SIGNS OF RATES IMPACTING ECONOMIC ACTIVITY
In its September meeting, the Fed nearly doubled its forecast for 2023 GDP to 2.1%. However, concerns arise from the Fed’s restrictive real rate policy which could hamper economic activity (see Figure 2). In the past six months, the 10 year Treasury rate increased sharply while the Treasury yield curve remained inverted (see Figures 3 and 4). Increased long-term rates could potentially slow capital investment spending while tempering financial market valuations. Conversely, high short-term rates primarily impact the financing cost of corporate working capital such as inventories and accounts receivables. If these concerns persist, it would support maintaining the current target range at the next Fed meeting.
INCREASING FEDERAL DEFICITS ERODING FINANCIAL MARKET CONFIDENCE
The political disfunction in Washington increases concern that the federal budget deficit will be heading towards eight percent of GDP. The increased federal spending is happening despite both historically low unemployment rates and a resilient economy. Congress will soon face another budget funding decision in mid-November and, if not quickly resolved, could further erode confidence in the government’s ability to manage its finances (see Figure 5). Unlike many home buyers, the federal government did not significantly lock in lower long-term rates. As a result, the runup in interest rates led to sharply higher interest payments on the federal debt (see Figure 6).

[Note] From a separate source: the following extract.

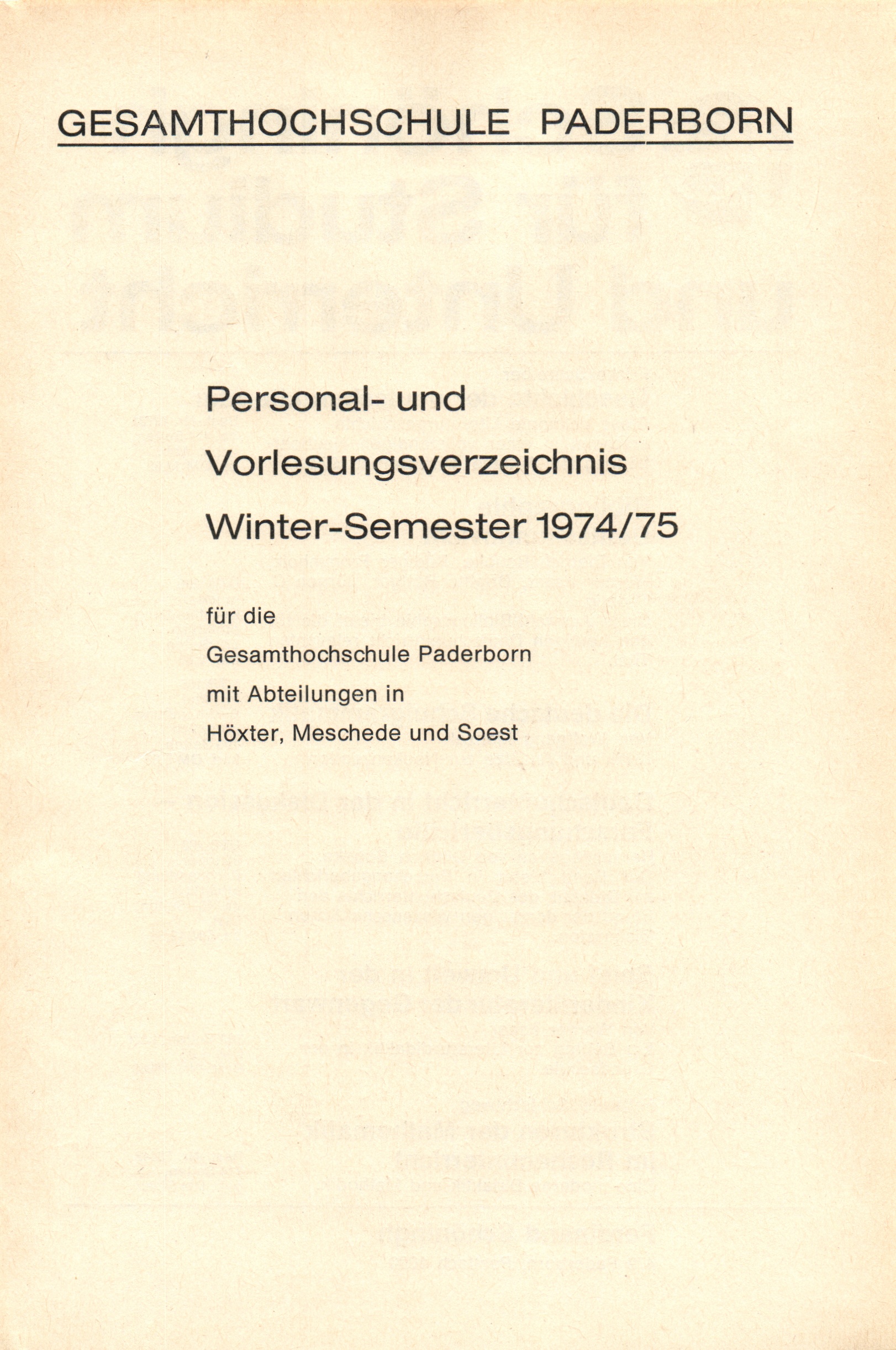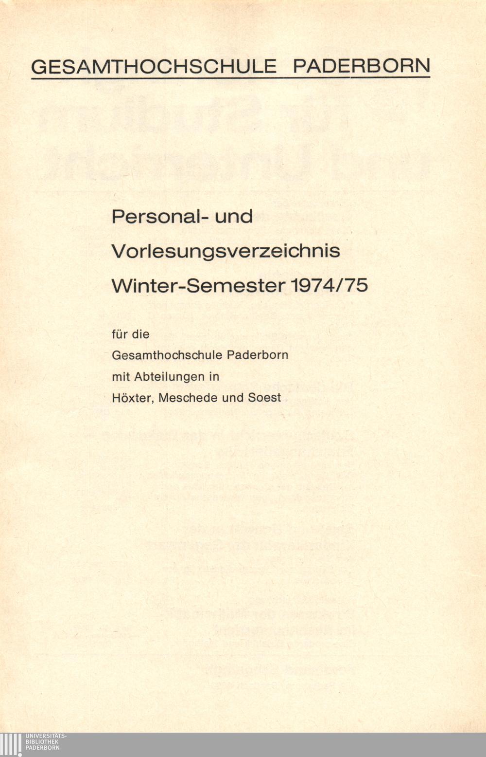Personal- und Vorlesungsverzeichnis für die Gesamthochschule Paderborn

Both the Fed and economists expect a soft landing for the economy with moderating inflation. Consequently, the Fed will likely maintain its current funds rate. Investors will weigh increasing concerns about the rising federal deficit against the economy’s ongoing strength. This will lead to heightened investor focus on high quality stocks that combine a positive earnings outlook with a strong balance sheet.

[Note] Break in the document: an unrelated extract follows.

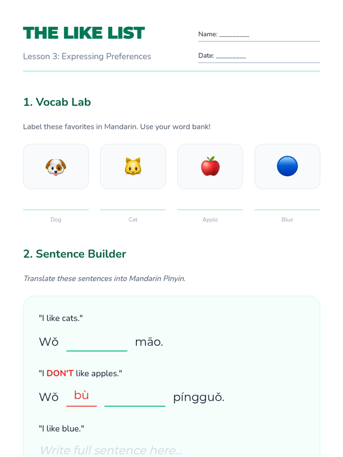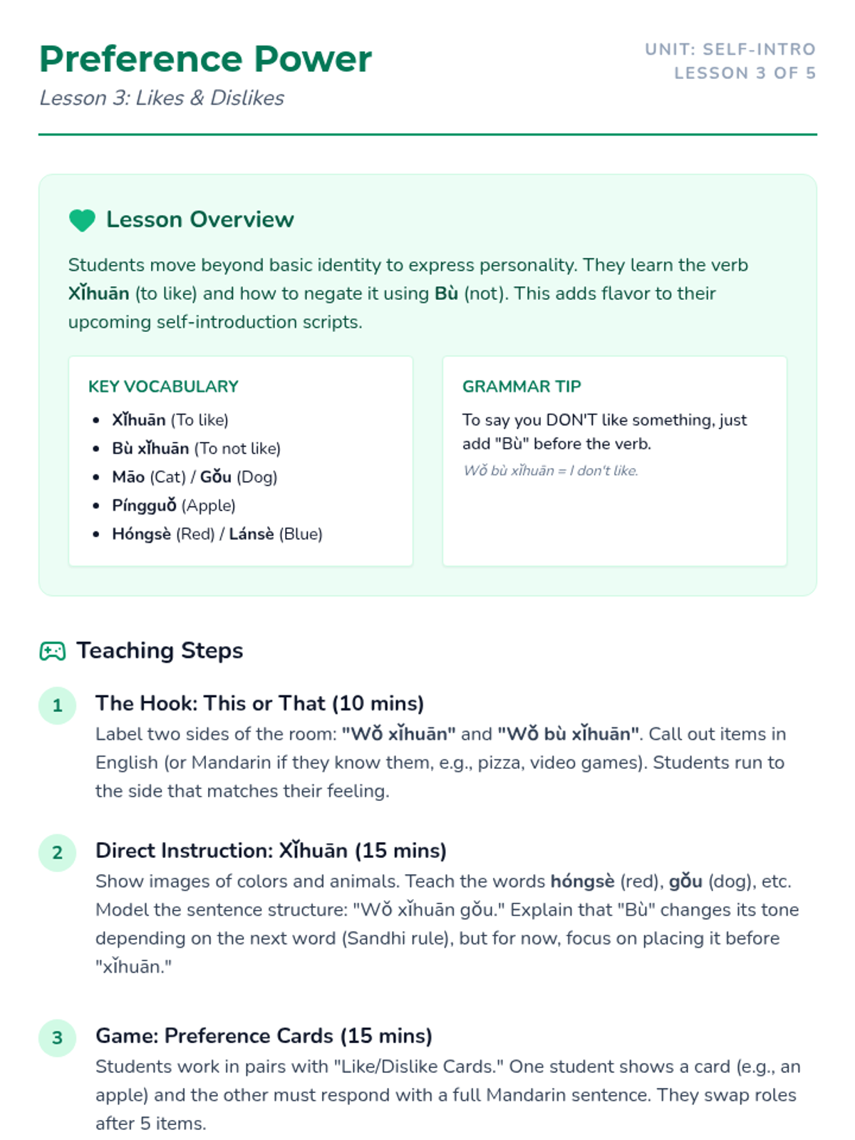 Students learn the verb 'to like' (xihuan) to express simple preferences for colors, animals, or foods. They practice forming positive and negative sentences.

As the Fed either reached or reaches its peak funds rate decision, moderately extending fixed income duration seems appealing despite the rise in long-term rates. Additionally, lower rated debt may also prove attractive if the economic outlook further improves. In such a scenario, incorporating alternative investments can also be used to diversify the portion traditionally committed to fixed income. Alternatives provide lower correlations with stocks and bonds, providing diversification benefits. Exploring alternative investments can help manage risk and potentially enhance returns in a changing market environment.